Ophelia'nın bu hamleyi yapmasının sebebi ise o resim dersindeki olayda Felix'in haksız olmasına rağmen üste çıkmaya çalışmasının iki kızın da sinirini bozmuş olmasıydı. Ona güzel bir şaka hazırlamayı düşünüyorlardı. Daha önce Melinda ile birlikte, kendileri özel bir durum için yardım istediğinde cevap vermeyip "Umrumda değil." diyen okul görevlisine güzel bir şaka yapıp intikam almayı başarmışlardı. Bir keresinde de Melinda'nın kafasına sınıfta erkekler arasında çıkan kavga sırasında gitar fırlatan Sammy adında bir çocuktan -bunu nasıl becerdiğine dair kimsenin bir fikri yoktu- da güzelce intikam alabilmişlerdi.

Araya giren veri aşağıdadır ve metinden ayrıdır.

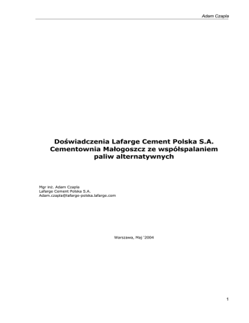 Doświadczenia Lafarge Cement Polska S.A. Cementownia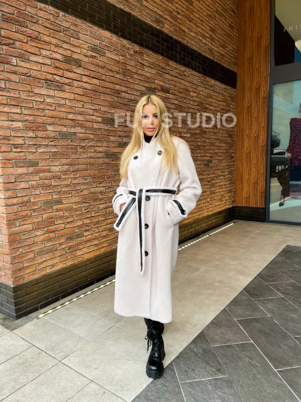 Белая шуба из натуральной шерсти отличная альтернатива меховым изделиям для тех, у кого ограничен бюджет. Модель смотрится изысканно и со вкусом. Оптимальная длина удобна в носке и не сковывает движения. Оригинальный крой выгодно подчеркивает достоинства фигуры и создает женственный силуэт. Необычный пояс очертит талию и сделает ее изящной.

Böyle daha bir sürü hikayeleri vardı. Yani çok ciddi şakalar değildi bunlar tabii ki. 9.sınıf öğrencilerinin sonrasında hatırlayıp gülebileceği tarz hafif şakalardı. Ama gene de çok popüler öğrenciler olmamalarına rağmen Ophelia ile Melinda'nın 9.sınıflar arasında az da olsa "Revengers"* diye tanınmalarına sebep olmuştu.

Melinda, Felix'in intikam şakalarını tadan diğer insanlardan bir farkının olması gerektiği kanısına vardığı için Felix'in çantasına krem şanti sıkarak ağzına kadar doldurup sonrasında da tepesine bir kiraz koymak -en önemli kısmın kesinlikle kiraz olduğu kanısındaydı-, dolabının içindeki eşyalara rengarenk sprey boyalar ile yepyeni bir tarz kazandırmak -Melinda bunu anlatırken tek bir şeyin en ufak bir yerinden bile kendi rengi görünemeyecek derecede diye özellikle belirtmişti-, zor çıkan boya ile dolu balonlarla Felix'e saldırmak -ki bu en hunharca olanıydı kesinlikle- gibi fikirleri olsa da Ophelia'ya göre Felix hakkında biraz bilgi edinerek daha iyi bir şaka hazırlayabilirlerdi. Belki de Melinda bu intikam işini fazla abartıyordu.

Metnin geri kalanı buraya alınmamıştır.